Controlled clinical models have become an important tool in development and regulatory approval of new therapeutics for allergic rhinitis. For example, Environmental Exposure Units (EEUs) have been used to study presentation of allergic rhinitis and to evaluate therapies in a controlled setting. The ability to elicit allergic rhinitis in a controlled setting provides an opportunity for observation of therapeutic effects in real time as well as a setting in which treatment effects can be precisely monitored. To date, EEUs have been used for Phase II and post-marketing drug development studies. Despite this, these current models do not fully capitalize on their potential to quantify the disease process or the degree to which test interventions modify that process.
Most EEUs suffer from a failure to mimic the normal environmental exposure of allergens that occurs in allergic rhinitis. Often, allergen levels are inconsistent or are delivered doses that may not be clinically relevant. This is likely a key factor in the inability of EEUs to generate reproducible results in clinical studies. This problem is so significant that often the same EEU is unable to duplicate results in similar or identical protocols. In addition, because of their large size (typically 50-150 patients/unit), most current EEUs are ill-suited for capturing objective endpoints with clinician involvement and direct patient observation.

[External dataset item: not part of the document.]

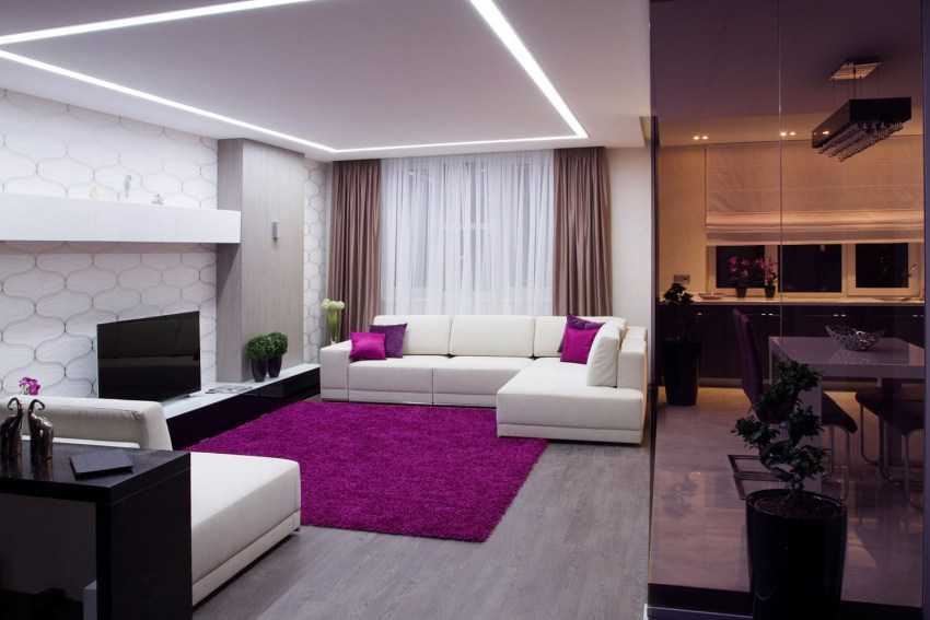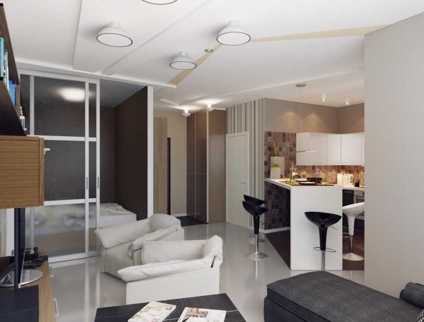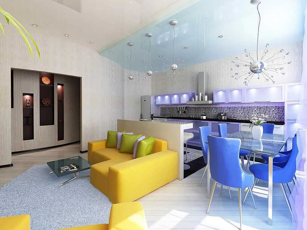 визуальные способы зонирования. Самые основные из них – это световые эффекты (установка осветительных приборов, которые отличаются интенсивностью освещения, цветом, яркостью и другими параметрами), экспериментирование с уровнями пола и потолка. Также отличным примером визуального зонирования можно назвать установку барной стойки. Она как бы не изолирует одну зону от другой, однако четко очерчивает границы.
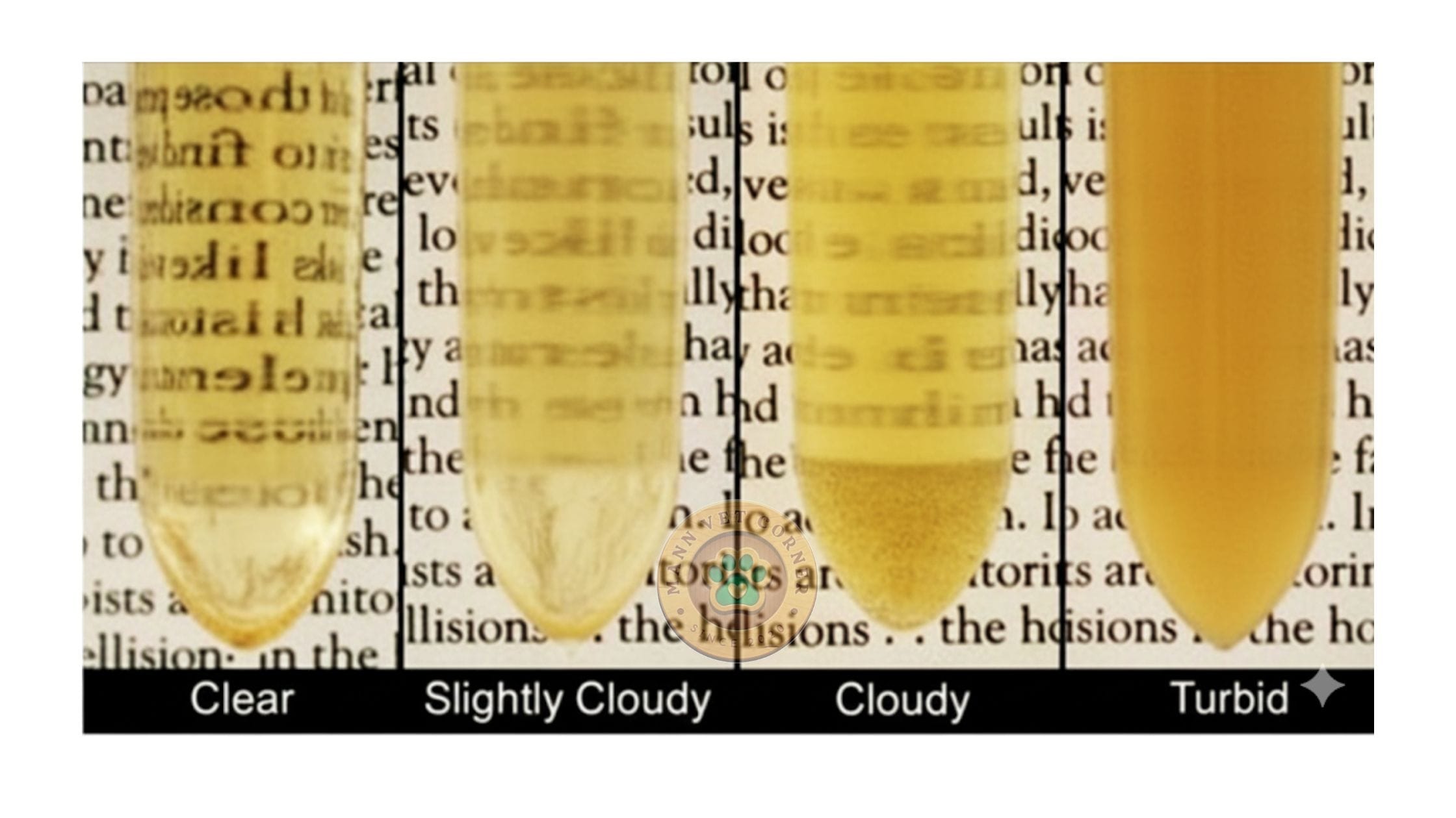- Pathological turbidity: pus, cells, bacteria, crystals, or fat droplets.

In contrast to other EEUs, Ora has refined its controlled clinical model (Allergen BioCube, ABC) toward two specific goals: (1) to effectively, reproducibly elicit allergic rhinitis signs and symptoms in a well-defined patient population, and (2) to capture clinical effects of test therapies in a controlled manner using both objective and subjective measures in smaller patient populations.
Our goal is to achieve consistent and reproducible results through the use of precision control of our allergen concentration and flow through the ABC, make objective measurements with the use of a dedicated clinician, and quantify clinical changes in a consistent and straight forward manner. We believe that exercising greater control and using clinically significant exposure parameters allows us to more reliably and efficiently show therapeutic drug effects with low standard deviations in data and within a smaller patient population. As part of our second goal, we have developed a proprietary objective scale, the Nasal Inflammation Scale (NIS), to ensure accuracy and reproducibility of assessments.
In this study, we established that our strategy to use precision control and quality together with clinician-informed quantitative measurements produce excellent therapeutic intervention results. Using an intranasal corticosteroids with well-defined efficacy, Flonase®, and controlled priming and test exposures to ragweed within the Ora ABC, we were able to show a significant decrease in instantaneous TNSS scores between the treatment and placebo groups.